Stephanie licked her index finger, stuck it up to an imaginary breeze, swayed her arm toward Martin, and smiled. Confidence was returning.
The children gathered in the first homeball's cafeteria and analyzed their performances, Martin and Hans overseeing. The self-criticism flowed steadily, without hurt feelings, and Martin felt a knitting of the teams that had gone out on drill.
Afterward, they ate dinner, then listened to music performed by Joe Flatworm and Kees North Sea: raucous, lively folk music from the Ukraine and Tennessee, barely slowed by the extra weight.
Their bodies had grown stronger, stockier. No need to ask if the moms were responsible.
The performance lasted less than half an hour; they rested after, Martin in Theresa's quarters, in the heavy darkness, watching the ceiling, mind passing over the day's events.
He slept peacefully, without dreams.
Two days until coasting resumed; five days from passage through the pre-birth material.

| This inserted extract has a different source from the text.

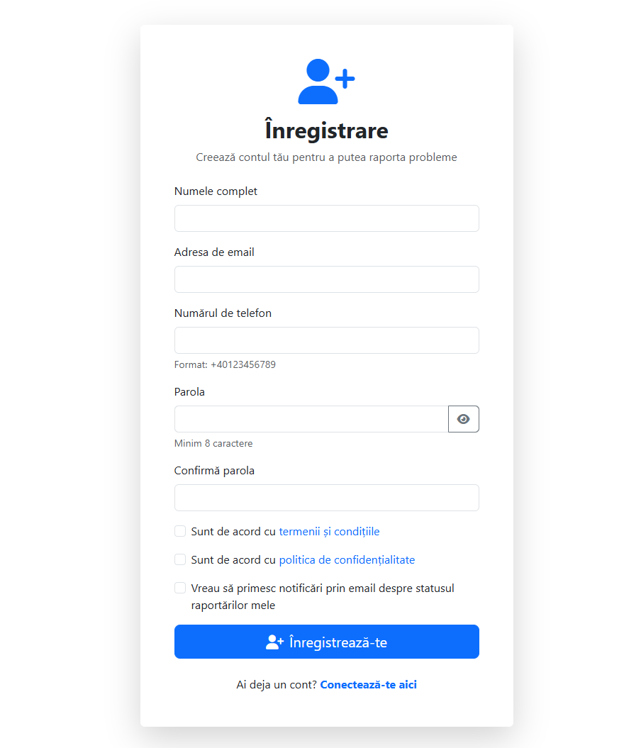 Primul pas pentru a putea raporta o problemă este să îți creezi un cont.

Martin exercised in the second neck, climbing along the ladder fields instead of letting them haul him up or down. He had climbed almost the entire distance from the second homeball to the third, enjoying the exertion, almost used to the heaviness, when he heard the screaming, thin and far away, sliced into ghastly echoes by the shapes in the wormspace.
Theresa was in the third homeball, above him, doing private practice in a bombship. She quickly descended on a field, pausing beside him where he hung, and listened, frowning. "Did you hear that?" she asked.
He nodded, hoping it was nothing. It did not sound like nothing. It sounded horrible, even more horrible when distorted, and they were used to the distortions of voices in the necks.
Nothing for seconds. Then, a barely audible keening, voices of concern, two or three people trying to comfort.